On 26 June 2018, the European Council adopted new Civil Aviation Regulations (Regulations), which include the first ever European Union (EU)-wide unmanned aircraft[i] (otherwise referred to as remotely piloted aircraft systems (RPAS)) rules.[ii]
The Regulations require RPAS operators to be registered and the aircraft themselves to be individually marked and identified under certain circumstances. It also requires States to digitally store and be able to exchange registration information. The Council’s adoption of these new rules signify a unified move forward from the previously fragmented approach to RPAS regulation across the EU. The introduction of a “risk and performance-based approach to safety”[iii] is also one of the first steps towards realising the European Commission’s “U-space vision” (a set of new services and procedures to support safe, efficient and secure access to airspace for large numbers of unmanned aircraft).[iv]
What are the features of the new regulations?

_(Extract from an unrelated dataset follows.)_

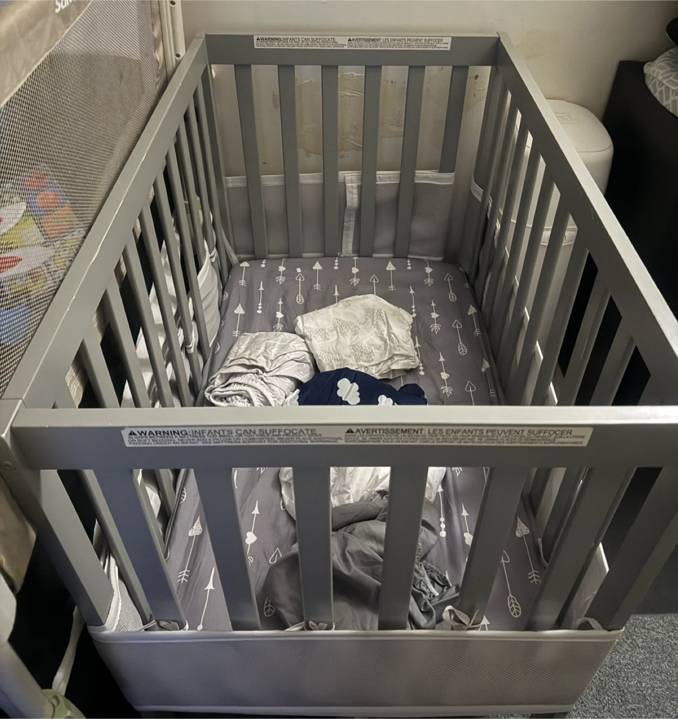Selling a baby mini crib that’s in good condition, but minor scratches off the paint as pictures shown.

The official line for the Regulations is that it is intended to bring legal certainty for industry and eliminate rules that could stifle entrepreneurship. It requires unmanned aircraft operators to be registered if their RPAS is capable of transferring more than 80 Joules of kinetic energy upon impact with a person.[v] Operators must also be registered if the RPAS operations present risks to privacy, protection of personal data, security or the environment.[vi] Where there is a requirement for registration, the RPAS concerned must be individually marked and identified.[vii] The rules also require member states to digitally store and be able to access and exchange registration information of drone operators.[viii]
How do the European Regulations compare with Australia’s?
Australian regulations for drones, the Civil Aviation Safety Regulations 1998 (“CASRs”) currently address RPAS or remotely piloted aircraft (RPA) in terms of mass, not kinetic energy, as the European Regulations do. We can put this term “joules of kinetic energy” into a more concrete example.
Consider a DJI Phantom 4 Pro. It weighs 1.38kg and has a maximum speed of 45miles per hour (or 20.1 meters per sec).[ix] It’s kinetic energy in joules is equal to:
1/2 mv2 = ½ x 1.38 x 20.12 = 278.77 Joules
Under the new EU Regulations, the operator of the 1.38kg Phantom 4 Pro may be required to be registered because the RPAS is capable of transferring more than 80 Joules of kinetic energy upon impact with a person. The energy upon impact of this particular RPAS travelling at a speed of 45 mph is about 3.5 times the threshold for registration under the new rules.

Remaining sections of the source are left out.